A User’s Guide to Heat Pumps

Unlike conventional electric furnaces, which burn fossil fuels to produce heat, heat pumps simply move energy from the air, water or ground into your home. They’re one of the fastest-growing appliances in the world and are gaining popularity in an increasingly eco-conscious climate. And they’re much cheaper to run than conventional gas furnaces. But the technology requires a different sales pitch than solar panels and electric vehicles, and many HVAC contractors have pooh-poohed them in favor of fossil-fuel-burning furnaces.
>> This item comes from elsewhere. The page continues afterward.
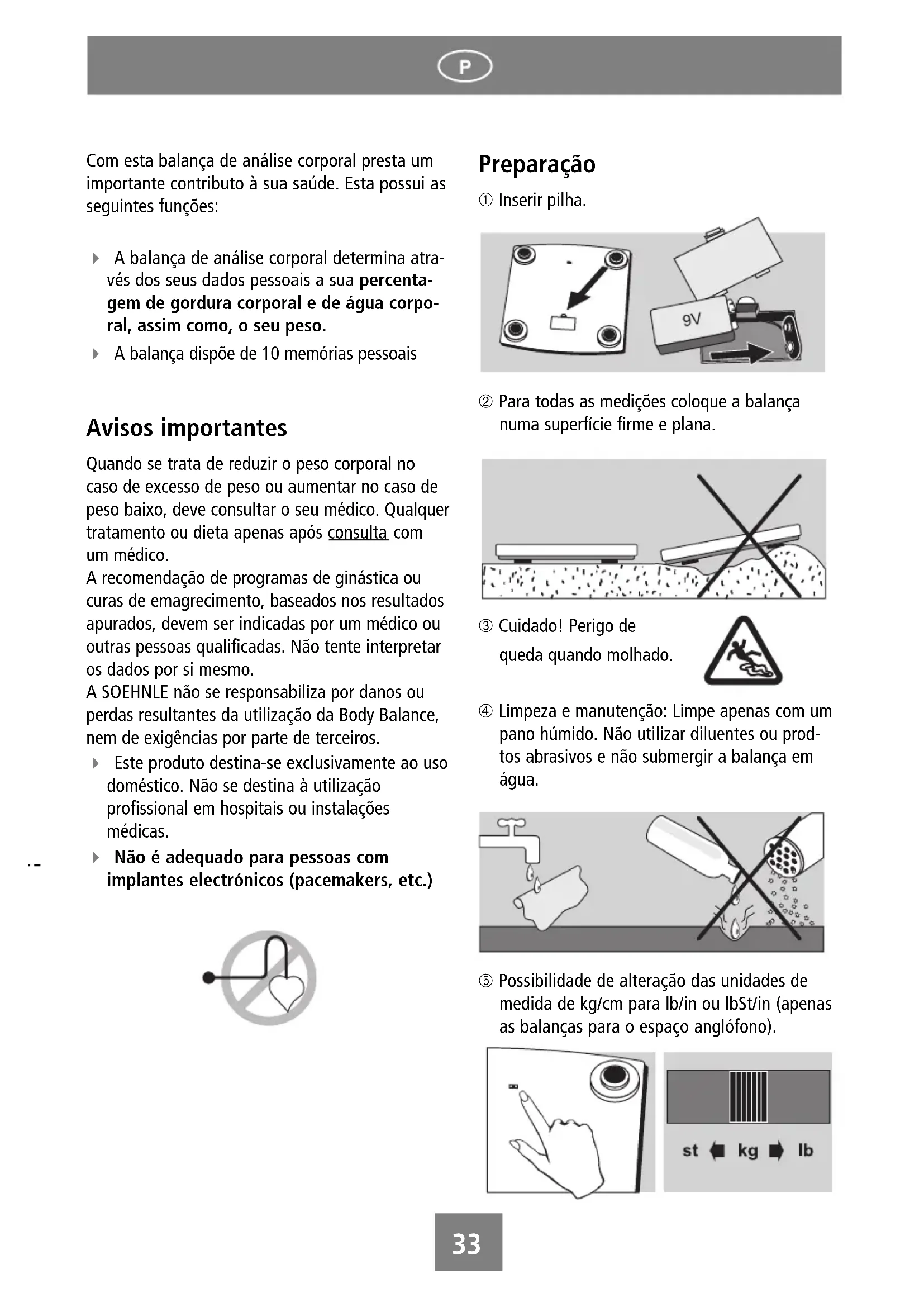 A SOEHNLE não se responsabiliza por danos ou perdas resultantes da utilização da Body Balance, nem de exigências por parte de terreiros.

Canary Media has tracked the evolution of this efficient, cost-effective heating option and brings you this user’s guide to making the switch to heat pumps.

Heat Pump

A heat pump extracts energy from the air, geothermal power stored in the ground or waste heat from a factory. It amplifies that energy to heat your home in winter and cool it in summer. The system’s efficiency is often four times higher than traditional furnaces or boilers, with the electrical energy consumed to operate it normally being several times less than that used by other heating technologies.

Heat pumps are based on the same refrigeration cycles as a refrigerator or air conditioner, but the process can be reversed to either heat or cool a space. The basic premise is that the temperature of the surrounding air or ground is almost always warmer than that of the refrigerant, which moves between two coils to extract and deliver energy.

The system is powered by an electric motor that drives a compressor to pressurize the refrigerant, turning it into a hot liquid. Then the liquid is drawn into an evaporator coil, where it evaporates at the sudden drop in pressure, releasing thermal energy to warm your home. The refrigerant is then returned to the condenser coil, where it reverts back to a hot liquid and the cycle starts again.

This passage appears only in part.